Kinetics of Cyclophosphamide Metabolism in Human, Dog, Cat, and Mouse and Relationship to Cytotoxic Activity and Pharmacokinetics.

Cyclophosphamide (CP), a prodrug that is enzymatically converted to the cytotoxic 4-hydroxycyclophosphamide (4OHCP) by hepatic enzymes, is commonly used in both human and veterinary medicine to treat cancers and modulate the immune system.
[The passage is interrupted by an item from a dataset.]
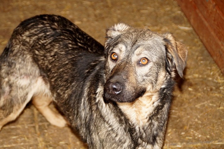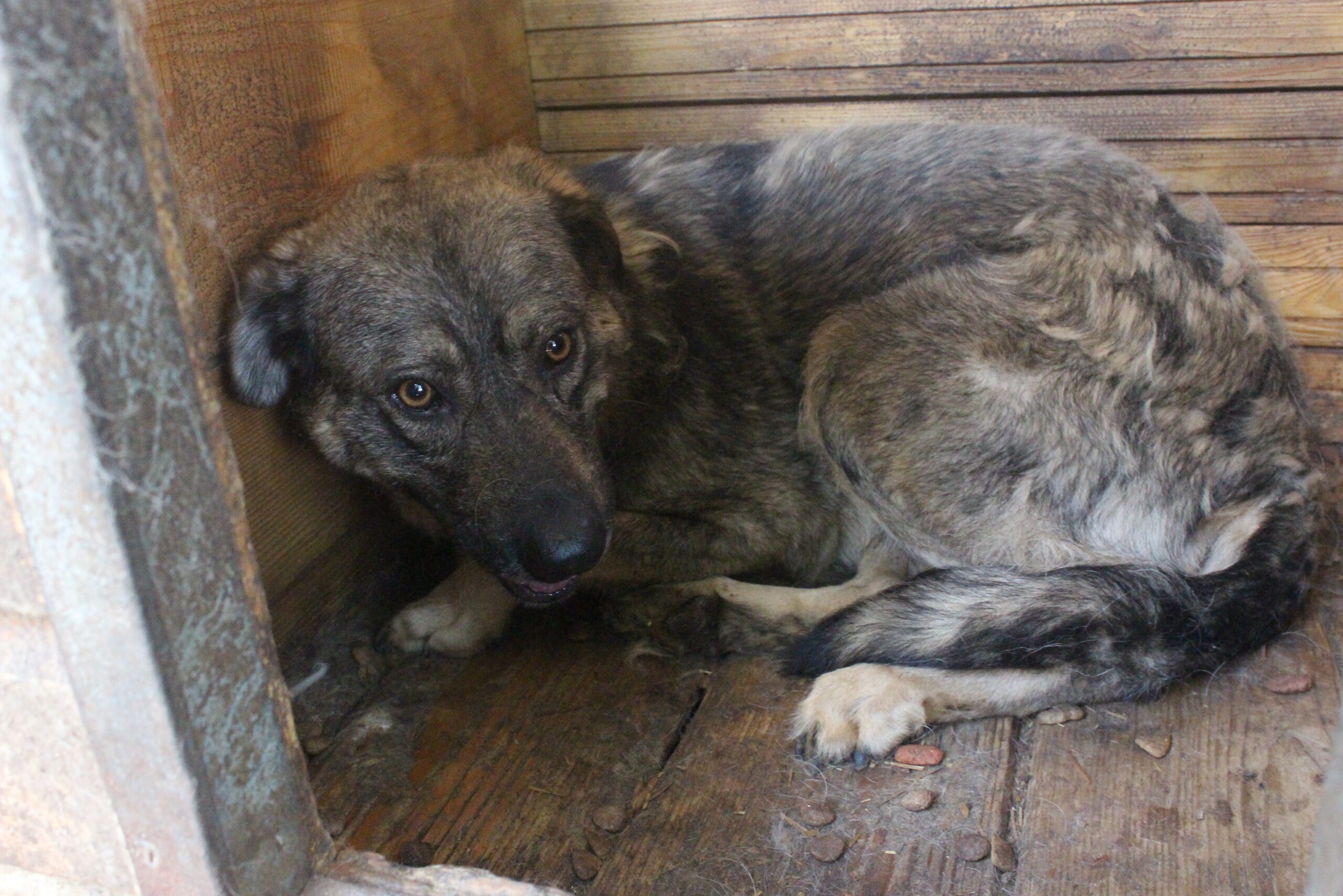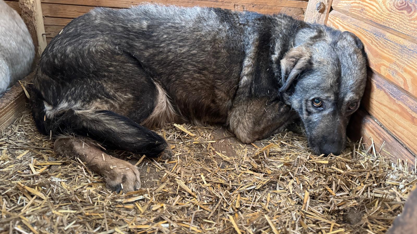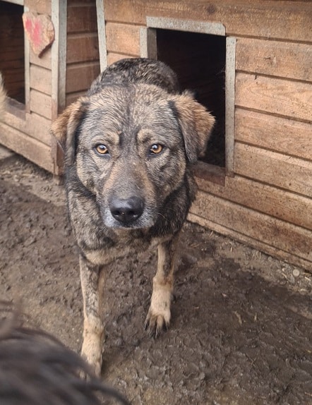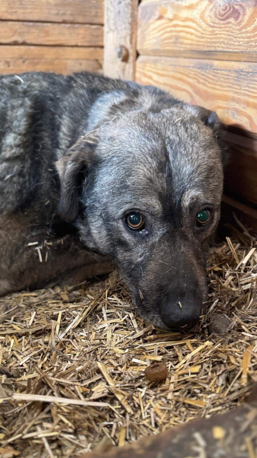 KLEIN VIOLA kam vorsichtig neugierig aus der Hütte, um zu schauen, wer wir sind und was wir in ihrem Kennel vorhaben. Wir konnten sie uns schnappen und festhalten, dabei blieb sie immer freundlich. Von allein kommt sie aber nicht zum Menschen.

The metabolism of CP in humans, dogs, cats, and mice was investigated with liver microsomes and apparent KM , Vmax , and intrinsic clearance (Vmax /KM ,) parameters were estimated. The inter- and intra-species variation in kinetics was vast. Dog microsomes were, on average, 55-fold more efficient than human microsomes, 2.8-fold more efficient than cat microsomes, and 1.2-fold more efficient than mouse microsomes at catalyzing CP bioactivation. These differences translated to cell-based systems. Breast cancer cells exposed to 4OHCP via CP bioactivation by microsomes resulted in a stratification of cytotoxicity dependent on the species of microsomes measured by IC50 : dog (31.65 μM), mouse (44.95 μM), cat (272.6 μM), and human (1857 μM). The contribution of cytochrome P450s (CYP), specifically CYP2B, CYP2C, and CYP3A to CP bioactivation were examined: CYP3A inhibition resulted in no change in 4OHCP formation; CYP2B inhibition slightly reduced 4OHCP in humans, cats, and mice; and CYP2C inhibition drastically reduced 4OHCP formation in each species. Semi-physiologic modeling of CP metabolism using scaled metabolic parameters resulted in simulated data that closely matched published pharmacokinetic (PK) profiles, determined by non-compartmental analysis. The results highlight differential CP metabolism delineated by species and demonstrate the importance of metabolism on CP clearance.